When I connected to the access point with the wired network, the computer got an address of 192.168.2.4 and I was able to access the administration pages with my browser at http://192.168.2.1.

The administration page asked me for a password.  My brother said that he thought he had reset the base station back to its factory settings, so I tried the default password admin, which worked.

Set a new administration password

For security, I went to General settings->Change password and asked my mom for a password that she would remember.  I also made a secure note of this for future reference.

Put the access point in Base Station Mode

I set this by following the links to Security->Base Station Mode and chose the Access Point Mode radio button.  I had to select an access point name and chose tenhopedrive, my parents address, because I like giving wifi nodes some geographic significance.  I would use this name in my browser http://tenhopedrive to connect to the admin pages.  This is exactly what I had to do, because after changing the above setting, it rebooted the access point, logging me out of the admin pages.

Set access point SSID

I did this by following the Wireless Settings link and typed tenhopedrive (for consistency) into the Wireless network name (SSID) field and clicked the apply button.  Once again this caused the access point to reboot, and I had to reconnect to the wireless network under the new SSID.  I had to refresh the list of available wireless networks a few times in order to see the new name.

Testing the network

There were a few things that I wanted to make sure worked right, because I wasn’t sure how they would work.

Wired Network

Putting the access point into access point mode, I wasn’t sure how this would affect the wired network.  I made sure the computer was still connected to the access point by the Ethernet cable, disconnected from all wireless networks, and made sure I could access google.com in my browser.

Wireless Network Connection

I then disconnected the Ethernet connection and connected to the wireless connection and made sure that I could still connect to google.com in my browser.

Multiple Computers

The last thing I wanted to test, which is probably something I should have investigated initially, is whether or not multiple computers could connect through the DSL router.
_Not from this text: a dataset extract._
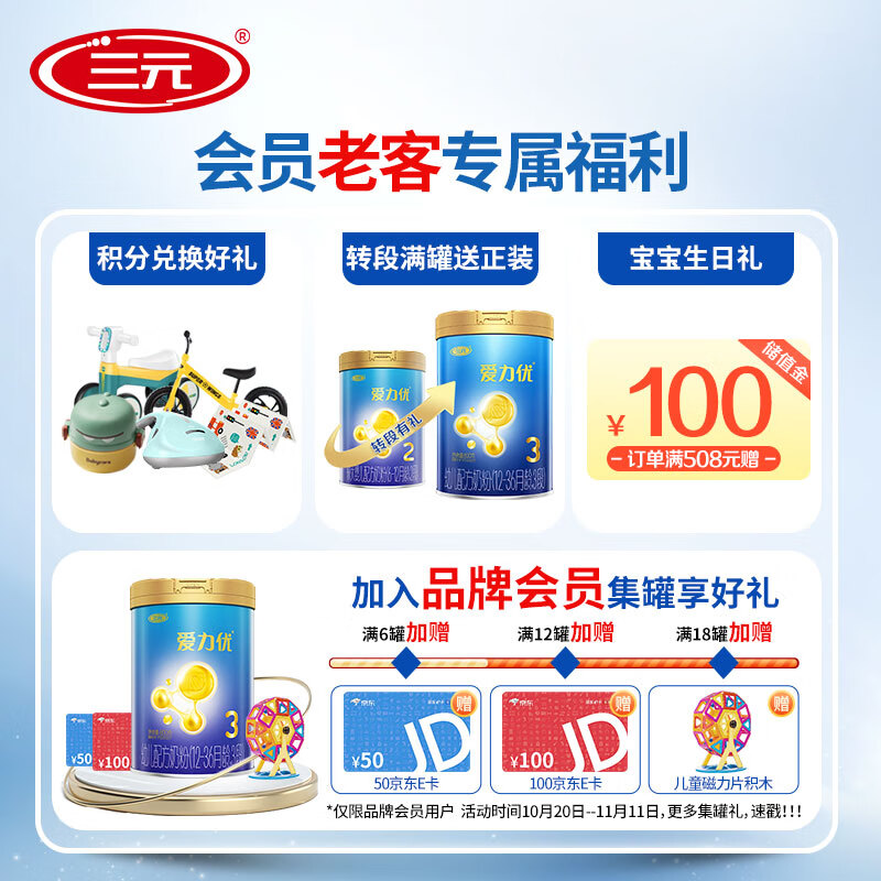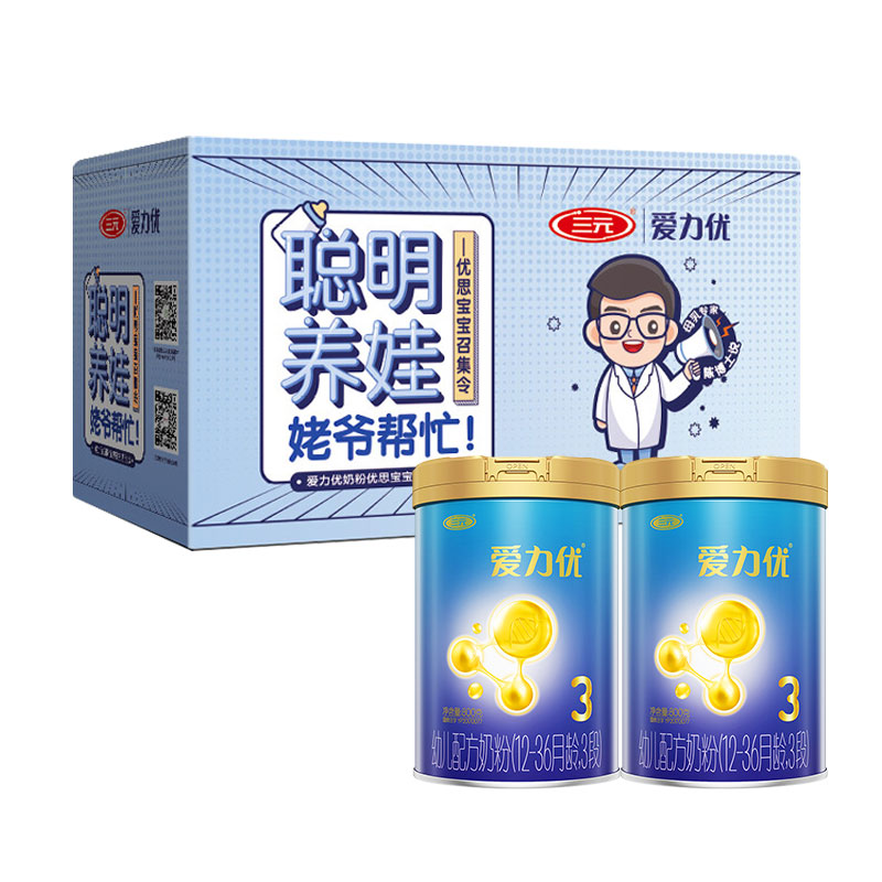 三元奶粉是北京三元食品股份有限公司旗下的奶粉系列品牌,其前身是成立于1956年的北京市牛奶总站,1968年更名为北京市牛奶公司,1997年成立北京三元食品有限公司,旗下有爱力优、恩贝益、爱诺星等系列,这款爱力优含有三重乳蛋白,a-乳清蛋白能够补充人体必备氨基酸,还有助于稳定宝宝的睡眠和情绪。MFGM乳脂球膜是神经纤维的重要成分,与DHA配合帮助宝宝大脑发育思维灵敏,乳铁蛋白帮助宝宝抵御病菌侵害,有利于宝宝提升自护力,还添加了益生元组合,可以促进肠道有益菌的生长和繁殖,维护肠道健康。

I wasn’t sure if they had set up some kind of MAC address filtering or something to only allow my mom’s laptop to connect.  I fired up my laptop and connected to the wireless network I just created to see if I could connect to google.com in my browser.  This worked just fine.

Afterthought: Port Fowarding

You know what they say about the best laid plans of mice and men.  I forgot that my brother might want to use port forwarding for P2P filesharing or chat apps.  With the way I configured it, I would have to configure this on the ADSL modem/router.  So, I tried to access this by pointing my browser at the gateway IP reported by Start->Connect To->Show All Connections->Wireless Area Connection->Support.  I found that I got an admin page login, and that the password was still set to the default, 1234.  This was bad since I wanted to have the wireless network be open (to make it easier for my family to not have to remember and additional password or get locked out of their wifi if their computers forgot the stored password and for good-neighborness).  So, I reset the router admin password to the same admin password as the access point and made a note of this.

I confirmed that I could set up port forwarding on the router and that they also had dyndns settings available, something that wasn’t available, as far as I could tell on the access point, so it looks like I made the right choice in using the ADSL modem/router for handling routing.  I went ahead and set this up too, but that’s beyond the scope of this howto.